Utomi pointed to skyrocketing port charges as an example of how the administration’s revenue drive is pushing traders and importers out of business. According to him, the cost of clearing a container at Nigerian ports has become prohibitively expensive, with rates soaring to about N18 million per container. This, he warned, is particularly devastating for pharmaceutical importers, whose already-thin profit margins on essential drugs like anti-malarials are being wiped out by these excessive levies.

He lamented that while government revenues appear to be rising, these gains are being squandered by politicians, with little or no positive impact on the lives of ordinary Nigerians. Utomi stressed that using revenue figures as proof of economic progress reflects a fundamental misunderstanding of economics. He insisted that genuine growth can only be measured by job creation, improved living standards, and the affordability of basic goods.

Utomi dismissed recent claims of economic recovery, arguing that marginal improvements in the naira or GDP figures mean nothing if inflation continues to erode the purchasing power of Nigerians. He cautioned that a nation cannot claim to be progressing when its people are unable to afford food, healthcare, and other essentials. For any meaningful change to occur, he said, the government must urgently redirect its focus to investments in agriculture, education, and healthcare.

Echoing these concerns, Human Rights Lawyer and Senior Advocate of Nigeria (SAN), Femi Falana, urged President Tinubu to stop passing the responsibility of poverty alleviation to state governors and instead take direct leadership in addressing the crisis.

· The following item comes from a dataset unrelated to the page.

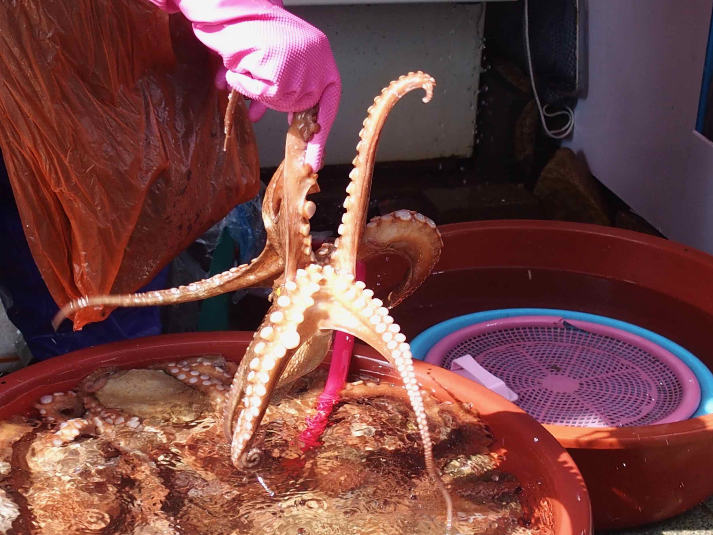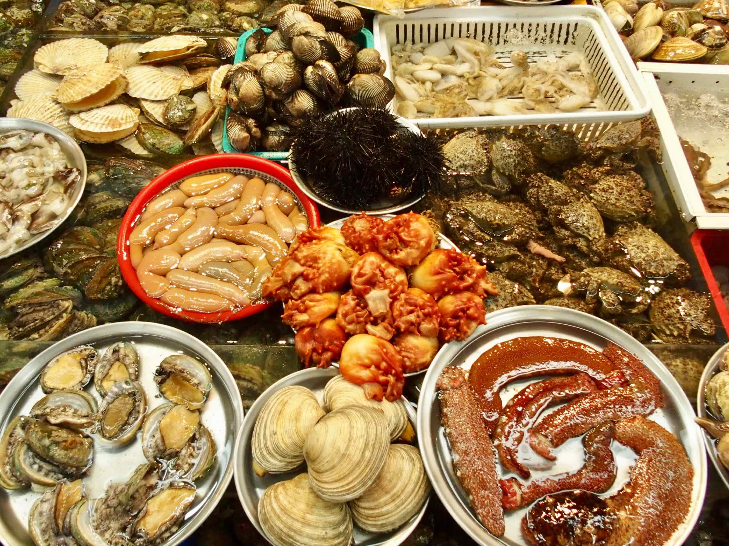 La Corée du Sud est une péninsule entourée de trois mers : la mer jaune, la mer de Chine et la mer du Japon. Autant vous dire que l'on retrouve beaucoup de poissons, crustacés et fruits de mer sur les marchés et dans la cuisine coréenne ! Certains d'entre eux ont un air de famille avec ceux que je consomme en Bretagne, mais dont d'autres me sont apparus réellement inconnus et surprenants. En Corée, on les consomme généralement crus, grillés ou fermentés, comme les légumes. Dans le sud de la Corée et sur l'île de Jeju, j'ai également vu une grande variété d'algues comestibles utilisés dans la cuisine coréenne.

Falana was reacting to Tinubu’s recent meeting with All Progressives Congress (APC) governors, where the president acknowledged the harsh economic realities at the grassroots and appealed to state leaders to “wet the grass” by delivering more progressive policies. Falana, however, argued that such appeals are insufficient, and that the Federal Government must lead from the front by fully funding existing social welfare programmes.

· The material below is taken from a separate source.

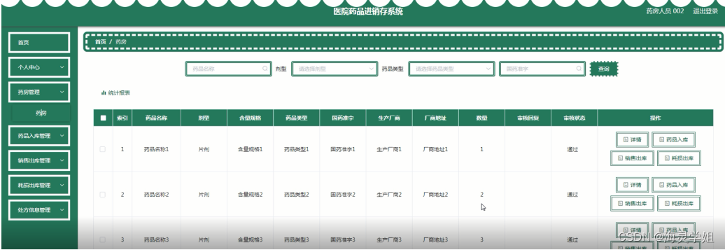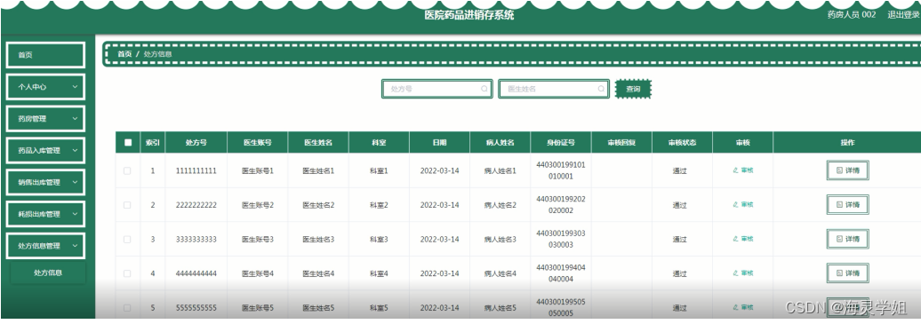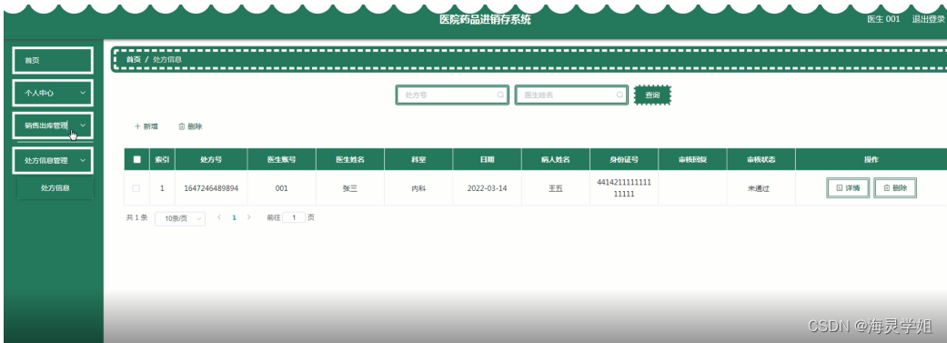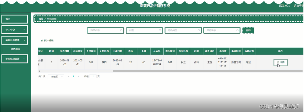 销售出库管理:医生通过销售出库管理页面可以查看药品名称、剂型、含量规格、药品类型、国药准字、生产厂商、厂商地址、数量、生产日期、有效期至、人员账号、人员姓名、出库日期、售价、金额、处方号、医生账号、医生姓名、科室、病人姓名、身份证、审核回复、审核状态等操作,如图5-3所示。

He noted that the National Social Investment Programme (NSIP), designed to reduce poverty through initiatives like N-Power, school feeding, soft loans, and conditional cash transfers, remains grossly underfunded. Falana criticised the allocation of N32.7 billion to NSIP in the 2025 budget, contrasting it sharply with the N39 billion reportedly spent on renovating the International Conference Centre in Abuja.

According to Falana, it is indefensible for a government to allocate more funds to infrastructure upgrades than to social safety nets intended to support the country’s 133 million multidimensionally poor citizens. He stressed that the resources to fund these programmes adequately already exist, citing the N11.195 trillion disbursed to states, local governments, and the FCT over the past year through the Federation Accounts Allocation Committee (FAAC).

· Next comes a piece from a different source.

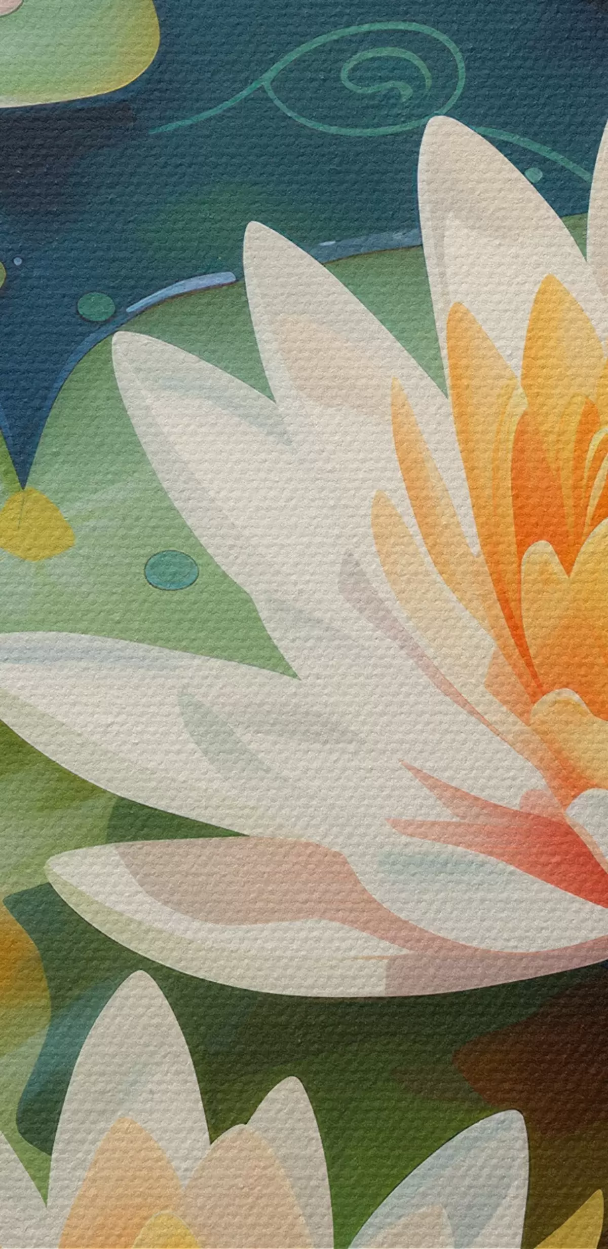 Er zijn drie soorten materiaal te bestellen: Economic Canvas - een dicht en duurzaam materiaal voor digitaal printen, identiek aan schildersdoek, waterdicht oppervlak, realistische weergave van details, materiaal met gemiddelde korrel. Premium Canvas - de textuur lijkt op die van schildersdoek (verweven kleine draden). Zachte, gedetailleerde reproductie van de afbeelding op een mat oppervlak. Eco-Premium - hoogwaardige 100% katoenen stof. Dankzij de natuurlijke katoenvezels is het materiaal duurzaam en slijtvast. Uitstekende kleurweergave en detail.

Falana also referenced a BudgIT report which exposed how the National Assembly allegedly padded the 2025 federal budget with over 11,000 constituency projects worth nearly N7 trillion, accounting for about 12.5% of the N54.99 trillion budget signed into law by President Tinubu. He questioned how lawmakers could justify such extravagance, with senators reportedly earning N21 million monthly and House members N15 million, while critical social programmes remain starved of funds.

While acknowledging the Federal Executive Council’s recent approval of N3.5 trillion for roads, airports, and other infrastructure, Falana demanded a similar sense of urgency towards the social sector. He called for the immediate approval of not less than N5 trillion to fund the NSIP, warning that anything less would amount to lip service in the fight against poverty.

To ensure transparency and effectiveness, Falana recommended that the management of these funds should not be left solely to government officials but should include credible representatives from trade unions and civil society organisations.

Both Utomi and Falana warned that the continued neglect of social welfare, alongside the government’s fixation on revenue targets, could worsen public frustration and further erode confidence in the administration.